▶ [MATERIAL PROVIDED]
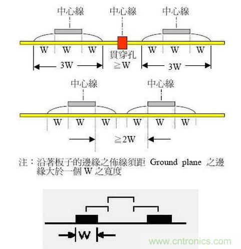 在抑制電路板走線信號串?dāng)_方面,有一個非常有名的3W布線規(guī)則(其中W就是布線寬度),它的內(nèi)容是:對于寬度是3W的信號線,如果其他走線的中心和它的中心之間的距離大于3W,就能避免信號之間的串?dāng)_。如下圖所示。
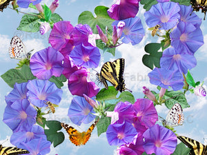 Bright purple Morning Glory vines reaching sky high on a warm summer day, with a delicate cerulean blue sky and soft fluffy clouds behind them. Yellow Swallowtail , orange Painted Lady butterflies and honey bees happily drink up the nectar of these beautiful flowers. This design is also available as Wallpaper
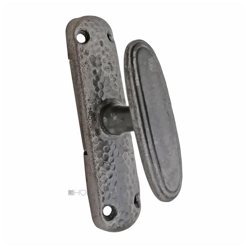 Basküle Fensterolive alt Hammerschlag oval Stahl Bauhaus Art Deco Einreiber links

▶ [WHAT IS NEEDED] Copy out the data exactly and keep the pictures out.

▶ [SOLUTION TO THIS PROBLEM]
 在抑制電路板走線信號串?dāng)_方面,有一個非常有名的3W布線規(guī)則(其中W就是布線寬度),它的內(nèi)容是:對于寬度是3W的信號線,如果其他走線的中心和它的中心之間的距離大于3W,就能避免信號之間的串?dāng)_。如下圖所示。
 Bright purple Morning Glory vines reaching sky high on a warm summer day, with a delicate cerulean blue sky and soft fluffy clouds behind them. Yellow Swallowtail , orange Painted Lady butterflies and honey bees happily drink up the nectar of these beautiful flowers. This design is also available as Wallpaper
 Basküle Fensterolive alt Hammerschlag oval Stahl Bauhaus Art Deco Einreiber links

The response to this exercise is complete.